Mindfulness is an integrative, mind-body based approach that helps people to manage their thoughts and feelings and mental health. It is becoming widely used in a range of contexts. It is recommended by NICE as a preventative practice for people with experience of recurrent depression.
Beyond the resources provided on this website, we also host a dedicated mindfulness site at Be Mindful, which provides access to our online course.
Mindfulness exercises are ways of paying attention to the present moment, using techniques like meditation, breathing, and yoga. Training helps people to become more aware of their thoughts, feelings, and body sensations so that instead of being overwhelmed by them, theyâre better able to manage them. Practising mindfulness can give more insight into emotions, boost attention and concentration, and improve relationships.1
Mindfulness can be practiced by children, young people and adults. There are different ways to practice mindfulness. Group courses run to practise mindfulness in person and there are online courses too where you can learn through self-directed practice at home. You don't need to be religious or spiritual to practise mindfulness. It can help people with or without religious beliefs.
Mindfulness and mental health
Mindfulness is recommended as a treatment for people with mental ill-health as well as those who want to improve their mental health and wellbeing.
There are also different sorts of mindfulness meditation which can help people in different ways. Evidence shows compelling support for Mindfulness Based Stress Reduction (MBSR), which helps people to cope with stress, and for Mindfulness Based Cognitive Therapy (MBCT), which is designed to help people with recurring depression. They provide a flexible set of skills to manage mental health and support wellbeing.

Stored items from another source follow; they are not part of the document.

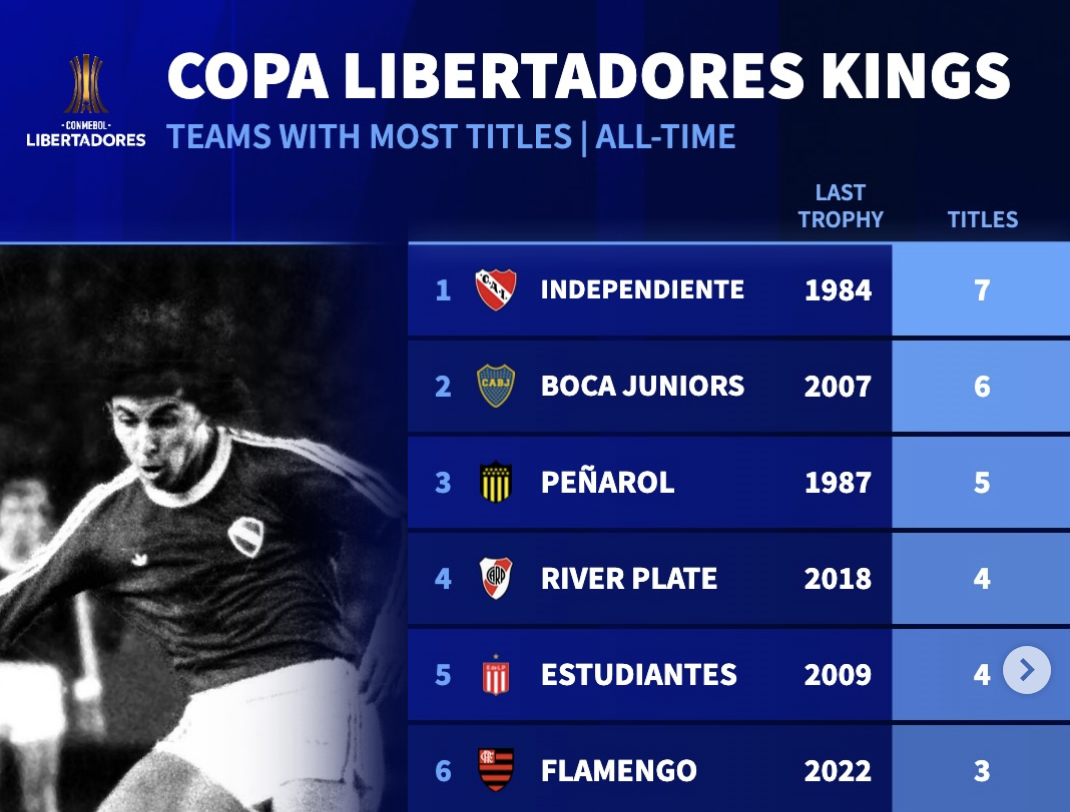南美解放者杯夺冠次数榜:独立队7次居首;博卡青年排第二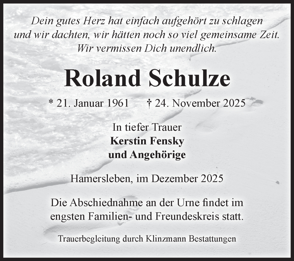 Hier finden Sie alle Traueranzeigen aus der Zeitung, die bisher für Roland Schulze erschienen sind. Weitere Traueranzeigen, die in der Zeitung erscheinen, werden hier ebenfalls aufgelistet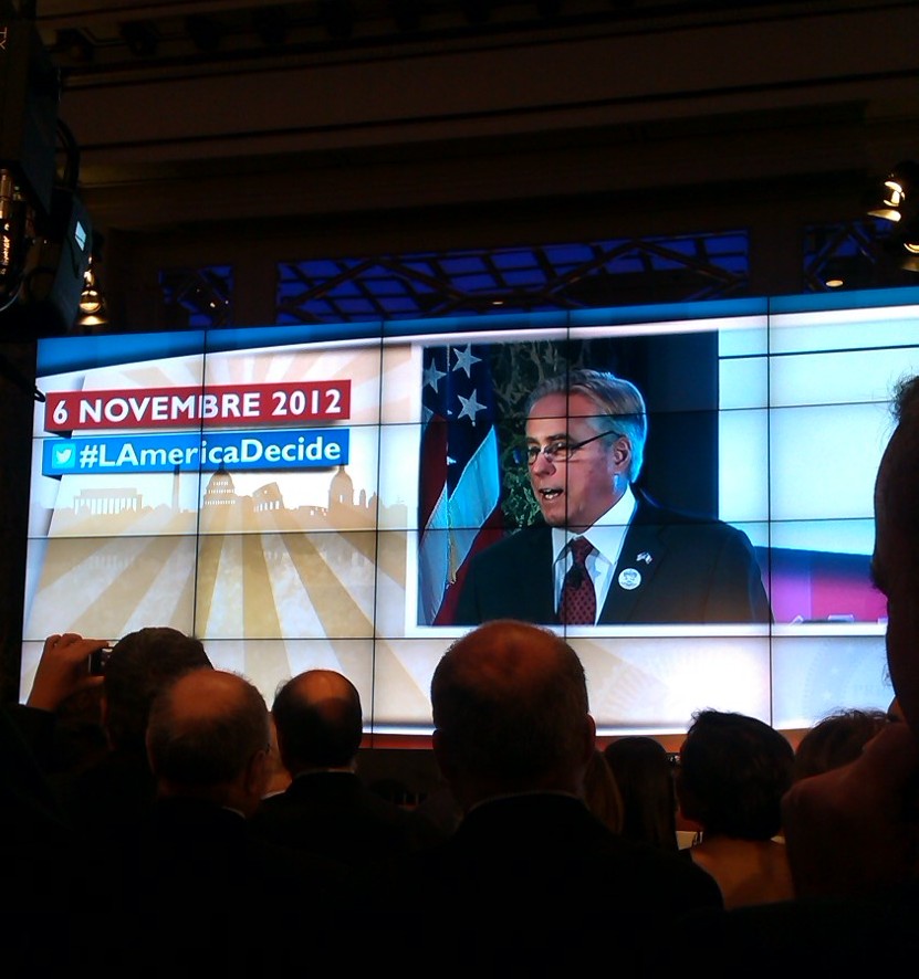 Ambassador Thorne addresses the jubilant crowd. Election results were broadcast throughout the venue.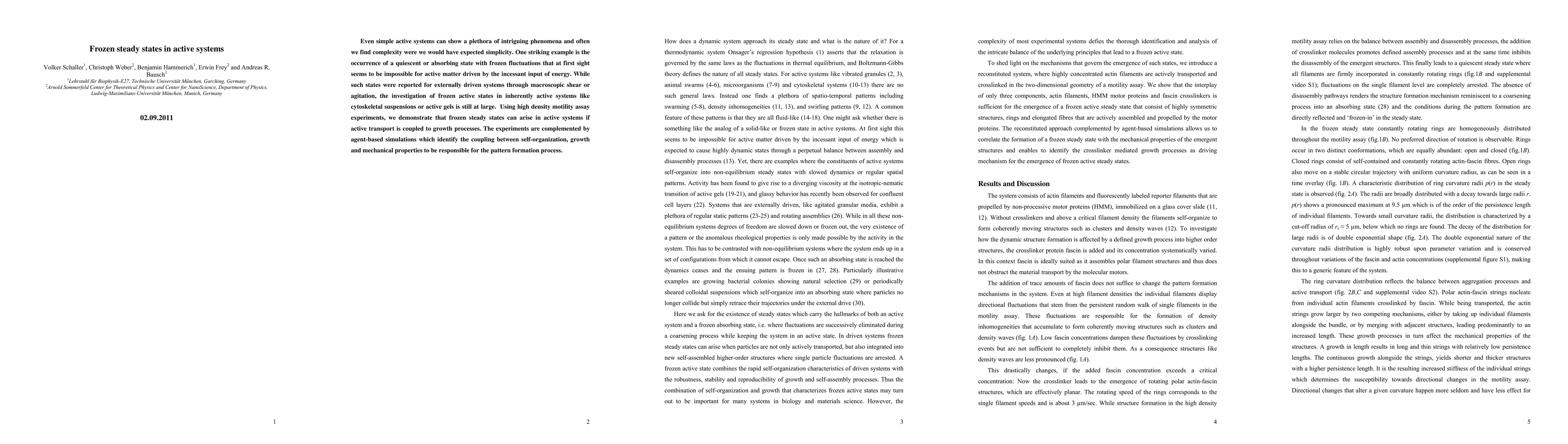 Researchers discover frozen steady states in active systems, where energy input leads to stable but fluctuating behavior, and find that coupling active transport to growth processes is key to their formation.

The evidence for mindfulness
Mindfulness meditation has been shown to affect how the brain works and even its structure. People undertaking mindfulness training have shown increased activity in the area of the brain associated with positive emotion – the pre-frontal cortex – which is generally less active in people who are depressed.2
Many studies have shown changes in brain wave activity during meditation and researchers have found that areas of the brain linked to emotional regulation are larger in people who have meditated regularly for five years or more.3 The evidence for different types of mindfulness is promising and research has grown in recent years.
Who can benefit?
Mindfulness can be useful for people from all different walks of life and the number of areas that mindfulness is being applied to is growing.
There is evidence showing mindfulness to be effective for children and young people, with school-based interventions having positive outcomes on wellbeing, reducing anxiety and distress as well as improving behaviour, among other areas.4 Evidence also suggests that children who used mindfulness practices more frequently reported higher wellbeing and lower stress scores (W Kuyken et al, “Effectiveness of the Mindfulness in Schools Programme: non-randomised controlled feasibility study”, 2013).
A successful Mindfulness in Schools project was set up in 2007 and is now being taught in 12 different countries. This nine-week course is especially designed for school students, whether they are dealing with exam stress, bullying, or seeking to enhance study skills. It's being used to improve students’ wellbeing as well as helping them to learn and concentrate better.
Mindfulness practice within criminal justice settings is currently being developed around the country. In HMP Brixton a “Mind/Body workout group” was established to help individuals to develop their own mindfulness practice. Evidence on the effectiveness of mindfulness interventions in prisons has been gathered mainly in the USA. A study based in Massachusetts found significant improvements in hostility, self-esteem, and mood disturbance following a course of mindfulness (M Samuelson et al, “Mindfulness-Based Stress Reduction in Massachusetts Correctional Facilities”, 2007).
A limited amount of research into mindfulness during pregnancy has shown encouraging results on the positive impact of mindfulness, finding ‘significantly’ reduced anxiety (C Vieten, “Effects of a mindfulness-based intervention during pregnancy on prenatal stress and mood: results of a pilot study”, 2007).
We are currently supporting research at the University of Oxford on the impact of mindfulness practice in pregnancy.
Mindfulness in the workplace has been popularised by a number of global companies including Google. However among smaller businesses mindfulness is not yet widespread.
There is growing evidence, shown by initial studies, that mindfulness in the workplace can have a number of positive effects. These include a decrease in perceived stress, and an increase in better concentration levels including memory tasks and multi-tasking. Research in 2012 found that mindfulness in the workplace could be an effective intervention to target “high stress levels, sleep quality, and autonomic balance” (RQ Wolever et al, “Effective and viable mind-body stress reduction in the workplace: a randomized control trial”, 2012).